Second generation mice from a KO/WT reciprocal intercross were tested for ventilatory behavior. The breathing phenotypes of WT mice were similar to prior observations in the B6, with pauses during resting breathing and prominent post-hypoxic apneas; such events were reduced in Apoa2 heterozygotes (HET=B6+/−) and KO mice (Figure 1A). As depicted by Poincaré plots, the WT mouse exhibits a larger dispersion of values in the first 2-min following hypoxia than either HET or KO mice (Figure 1B).
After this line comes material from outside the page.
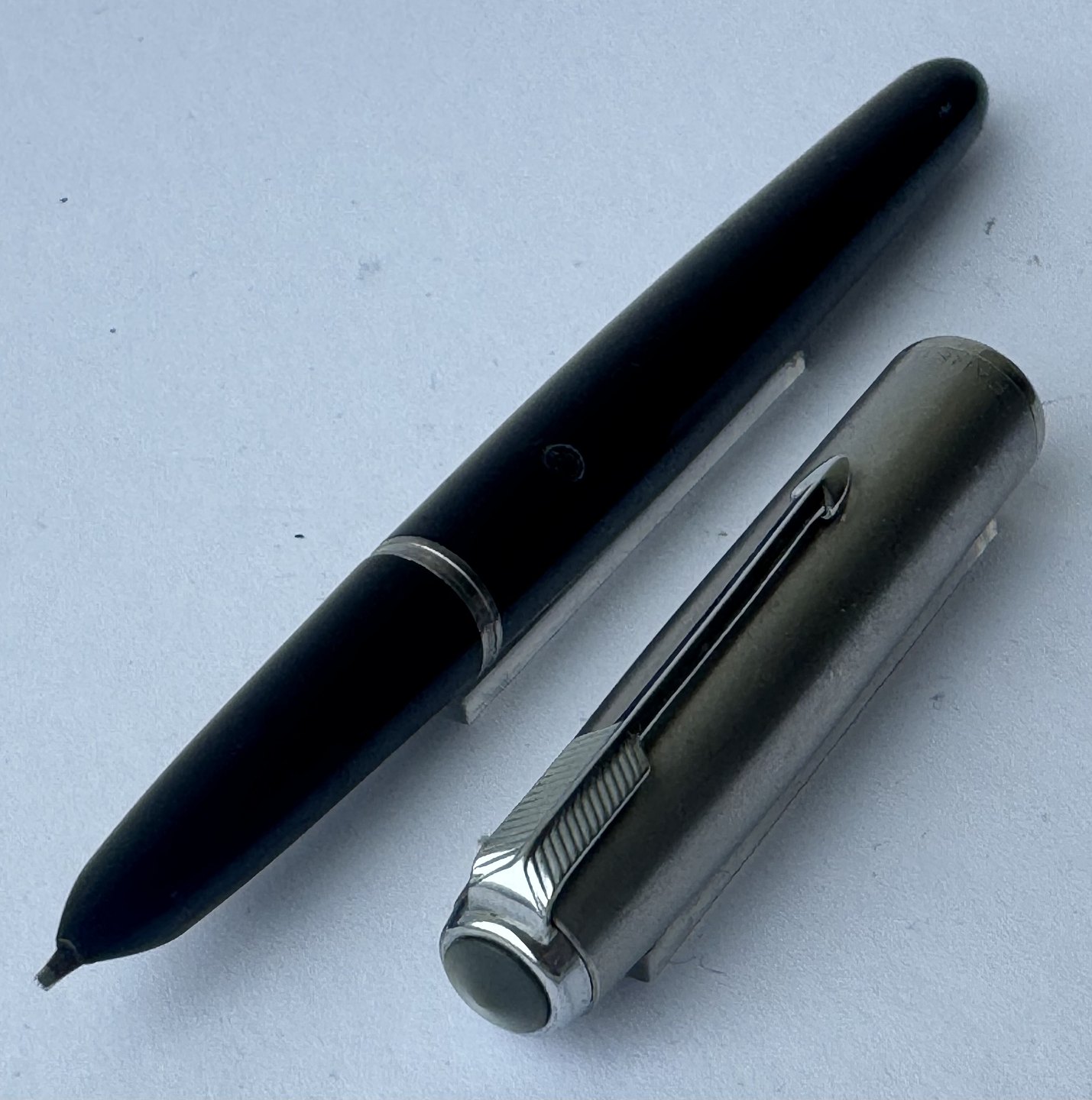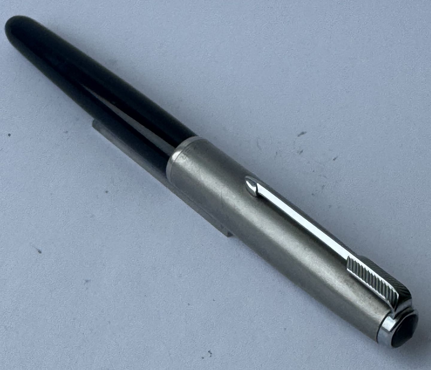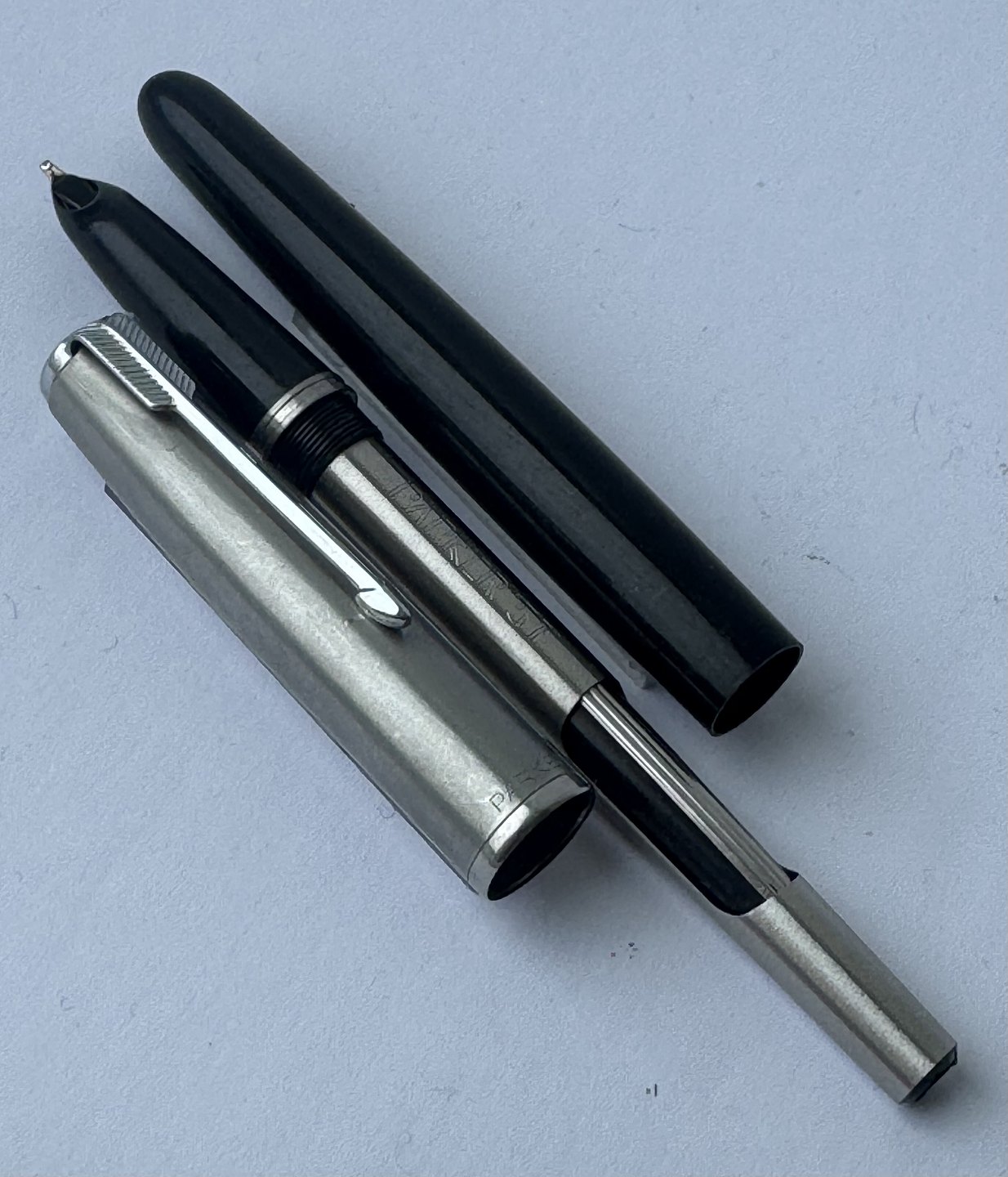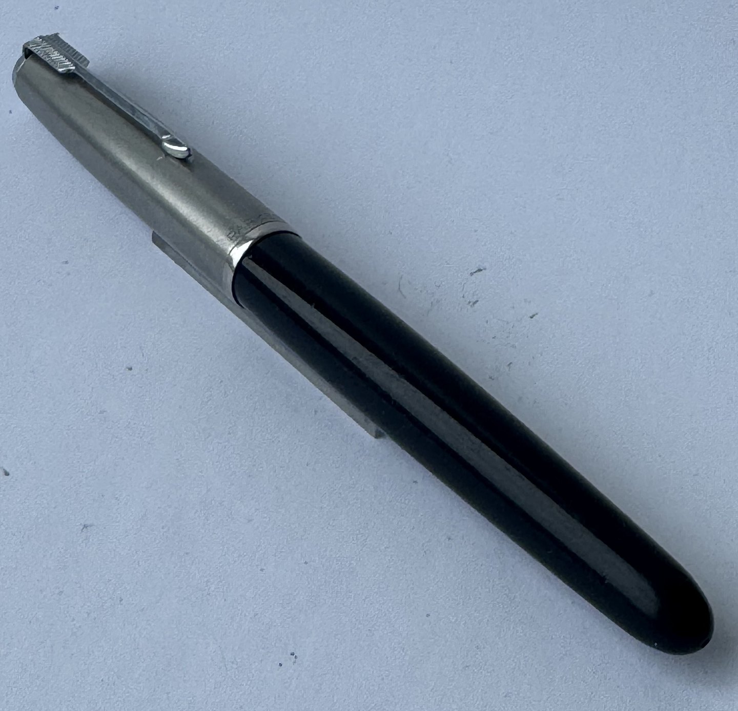Black Parker 51 fountain pen with steel cap from the 1950s. Appears in good and functional condition. No faults or missing parts to describe. On the side you can see “the danish anchor” (small imprint logo), which is the fountain pen manufacturer and retailer Christian Olsen's company logo (an Anchor and initials C. O.). Fountain pens that were imported to Chr. Olsen's factories were stamped with this logo as well as the company's own products, for example Penol. Dealer

Mean number of apnea in the 2-min following reoxygenation differed among genotypes (P<0.001) (Figure 1C). The instability trait is attenuated by the presence of one null allele. Apoa2 mRNA expression is present in the WT in both the brain and liver (Figure 1D), and correlated to trait expression. Gene expression, present in the liver in HET mice, was not present in the brainstem, consistent with brain-specific regulation of expression.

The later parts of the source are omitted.